Tuesday, February 15, 2011

How To Save A Life


How To Save A Life

My apologies to The Fray for stealing their song title, but it seemed an appropriate title for this kind of post.

Those of you who have seen me in person in the last few years know that I'm carrying way too much weight. I had it dramatically pointed out to me by a very good friend that whenever I walk around, climb a flight of stairs, get into or out of my car, I am effectively doing it with three 5 gallon water bottles strapped to my back. Hence the new profile picture.

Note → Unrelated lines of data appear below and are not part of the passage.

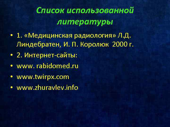 Список использованной литературы • 1. «Медицинская радиология» Л. Д. Линдебратен, И. П. Королюк 2000 г. • 2. Интернет-сайты: • www. rabidomed. ru • www. twirpx. cоm • www. zhuravlev. info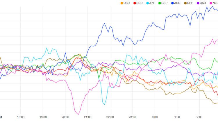 Currency Strength Chart: Strongest – AUD, Weakest – CHF.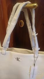 Vendo borsa nuova, in pelle bianca e fodera nera Kalvin Klein, modello shopper misure L 36 sotto, 46 sopra H 32 P10. Manici ancora con protezioni, e con etichetta. 90 €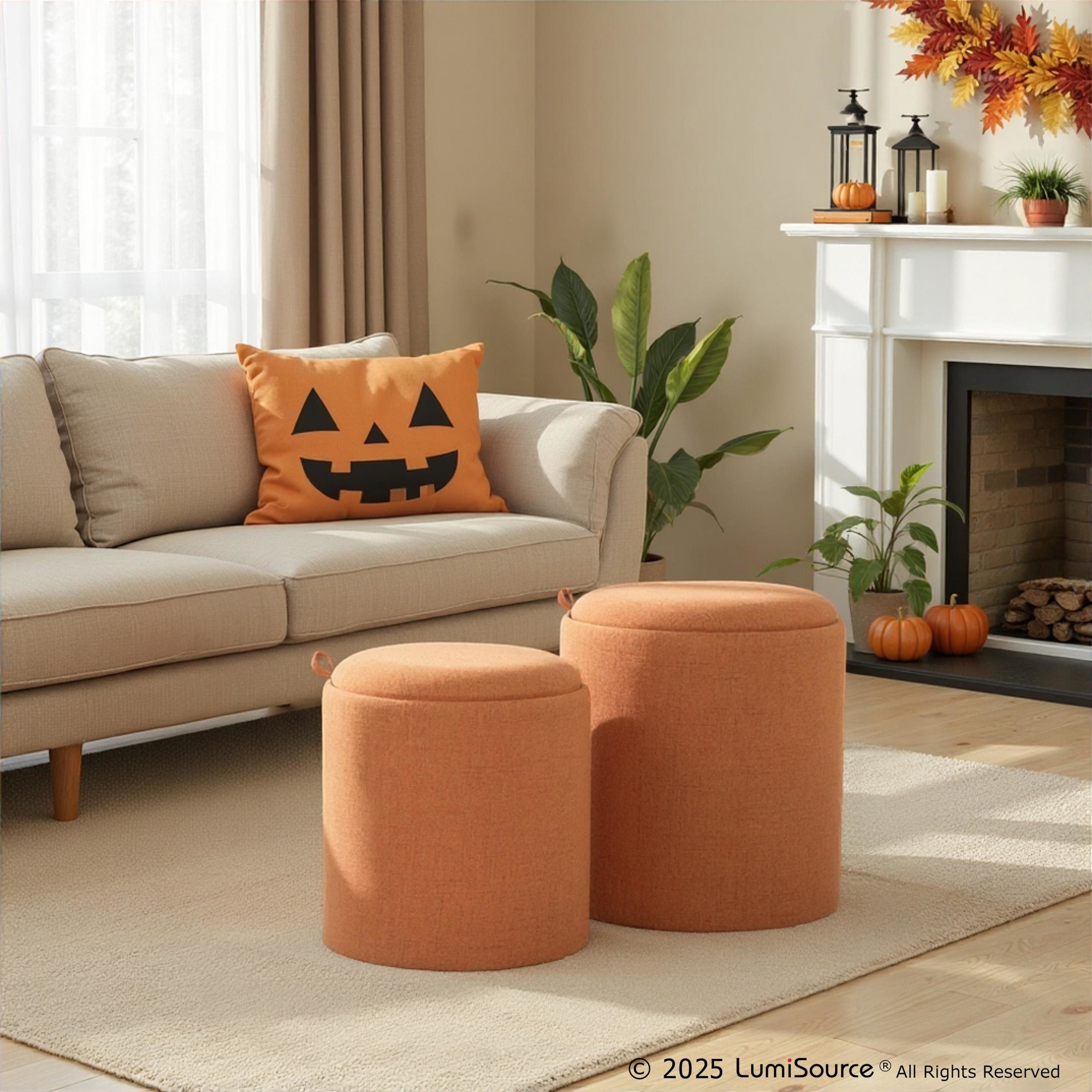 Get style and function in one with the Tray Nesting Ottoman Set by LumiSource. This multi-use ottoman set can be used as extra seating, storage, or a convenient serving tray when the top is turned over. The smaller ottoman nests inside the larger ottoman for a space-saving design. Available in a variety of colors and finishes, pick the one that fits your space the best.

Let me do the math for you: 8 lbs per gallon x 5 gallons x 3 bottles......... Yep 120 lbs more than I should be carting around. It is actually pretty surreal to see those numbers on the screen. With those numbers have come all the side effects, low energy, high blood pressure, high cholesterol, pre-diabetes, never being able to buy clothes at CostCo, frightening children and small animals.

I wasn't always like this. I weighed 185 when I got married, I spent most of my early 20's in the 170-180 range thanks to an addiction to running on the mission beach boardwalk, an actively utilized membership to what was then called Family Fitness (now 24Hour Fitness,) and the typical young dude on the prowl lifestyle.

May 4th 1988 changed that. I was riding my motorcycle back home filled with the euphoria of Kathie saying yes to my proposal of marriage. My mind was a million miles away when the hit-and-run driver rear ended me on the I-5. But for a few strokes of good luck, you wouldn't be subjected to this story today.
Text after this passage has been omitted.